▸ Records to use
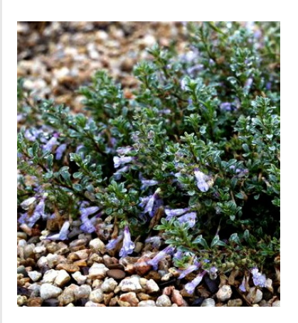
TUSHAR bluemat penstemon Penstemon xylus

Explore our 2023 plants through these one-minute videos
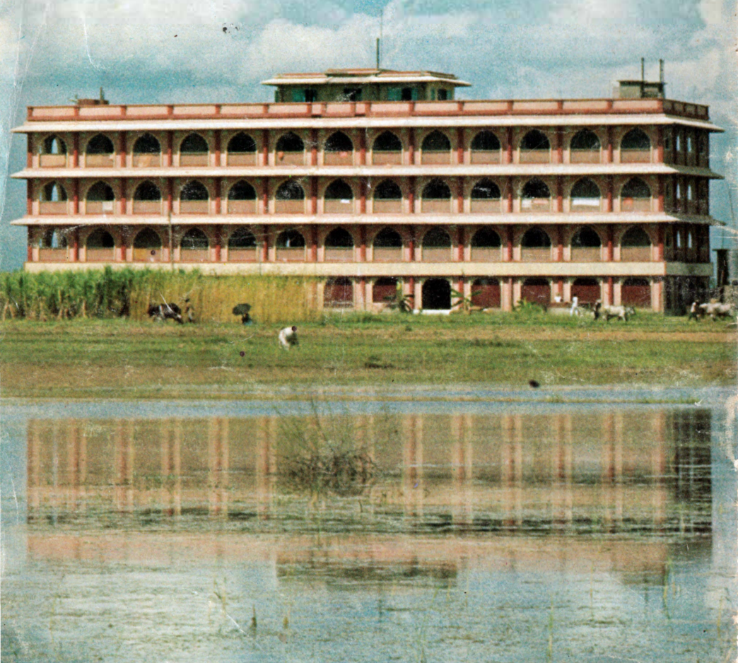
International Guest House at ISKCON's World Headquarters in Śrīdhāma Māyāpur, West Bengal, India.

Śrī Lal Bahadur Shastri Former Prime Minister of India
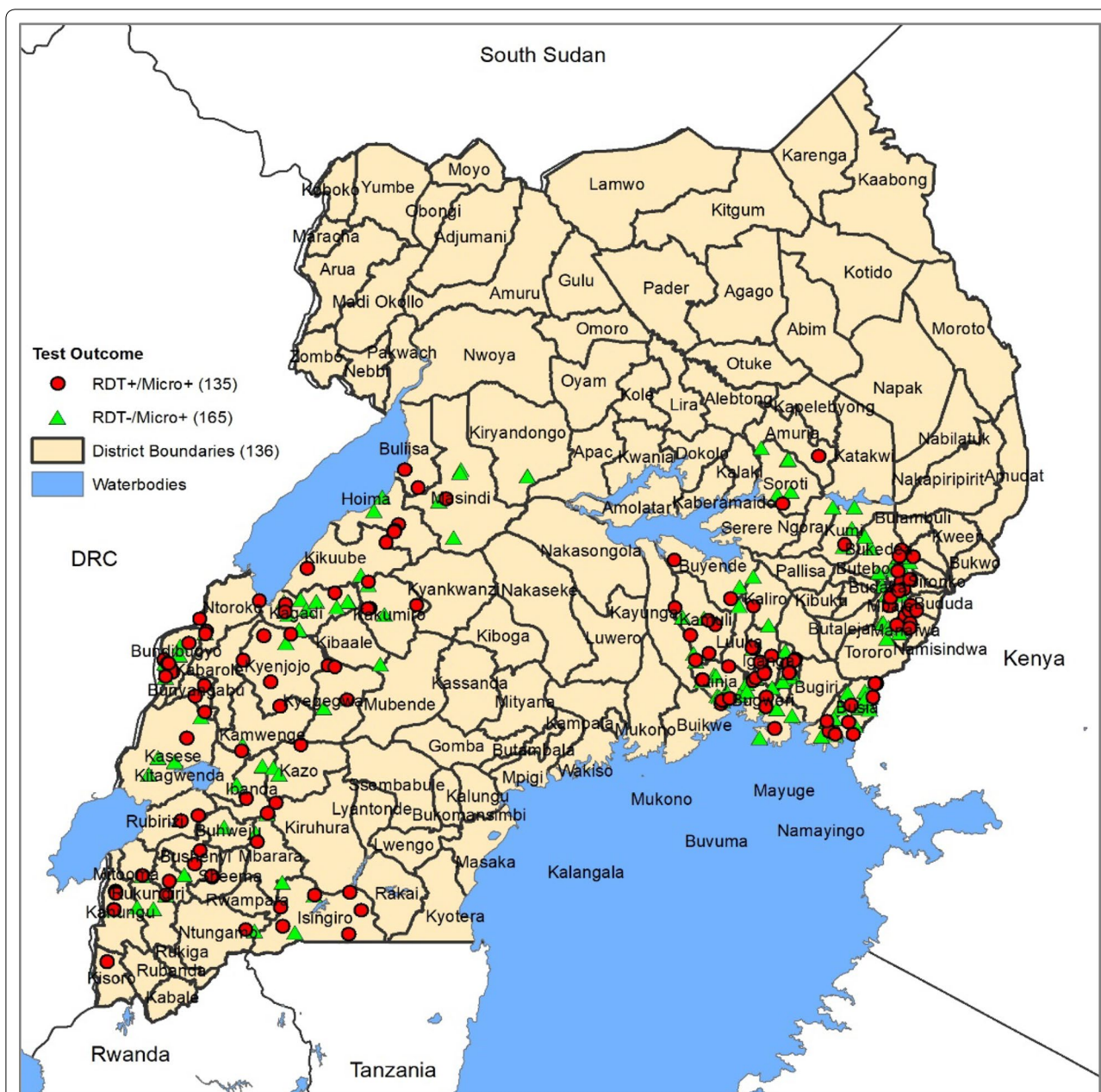
Fig. 1 Geographical information system (GIS) mapping and geographical distribution of sites where Plasmodium falciparum isolates were collected. Showing the location of sites where study samples were collected across 48 districts in eastern and western regions of Uganda. RDT-/microscopy+ (indicated by red dots) are samples that were RDT negative but microscopy positive. RDT+/microscopy+ (indicated by green symbols) are samples that were positive on both RDTs and microscopy

gene deletion analysis. The distribution of study samples (RDT-/microscopy+ and RDT+/microscopy+) across the study sites is shown in Fig. 1 and the study profile in Fig. 2. The majority of participants studied were male (52.3%) and were aged > 5 years (59.3%). Most participants were from the eastern region of Uganda 56.7% (50.9–62.4%). A majority of samples had parasite density \geq 1000/\mu\text{l} Table 1.
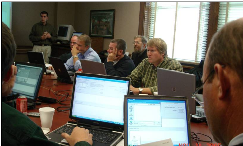
Workshop participants ponder software designed to fix many of the common errors associated with yield monitor data.

One of the key challenges in working with agricultural information is that crop production is a biological system affected by many factors—each of the inputs that a farmer utilizes can have an impact on results, and it is difficult to sort it all out at the
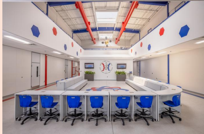
Howard B. Owens Science Center Building 2025 – Less than $50M Johnson, Mirmiran & Thompson (JMT)

Share the moment—bring your client to celebrate with you!
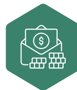
Nomination & Remuneration Committee (NRC)
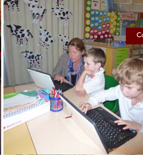
Computer work in IW
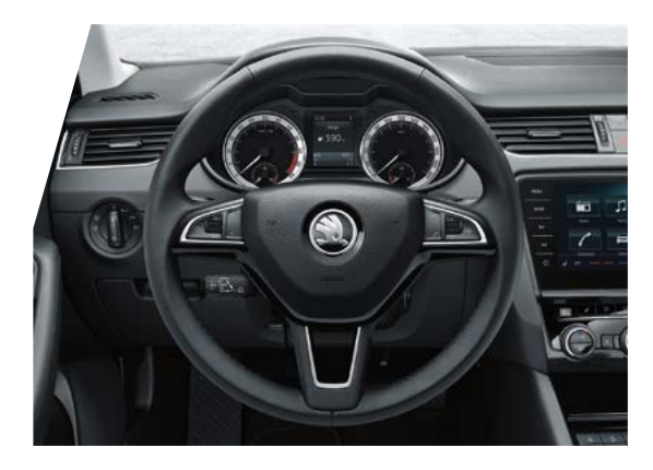
3-SPOKE LEATHER MULTIFUNCTION STEERING WHEEL

Featuring impressive comfort enhancing features and intuitive driver assist systems, the SE adds further distinction to the car.
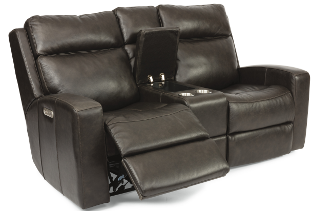
1820-64PH in 297-02
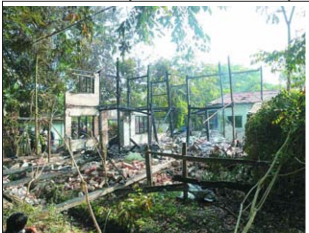
A fire broke out at No 158 on 1 st Minyekyawswa Street in Dala on 29 December. Fire fighters and local people put out the fire with two fire engines. A building was destroyed in the fire and it was valued at K 750,000.
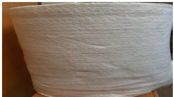
Fire Barrier Roll

▸ Task
Copy exactly the lines of the listing above between the one holding "Share the moment—bring" and the one holding "1820-64PH in 297-02", inclusive; omit all pictures.

▸ Answer space
Share the moment—bring your client to celebrate with you!
Nomination & Remuneration Committee (NRC)
Computer work in IW
3-SPOKE LEATHER MULTIFUNCTION STEERING WHEEL

Featuring impressive comfort enhancing features and intuitive driver assist systems, the SE adds further distinction to the car.
1820-64PH in 297-02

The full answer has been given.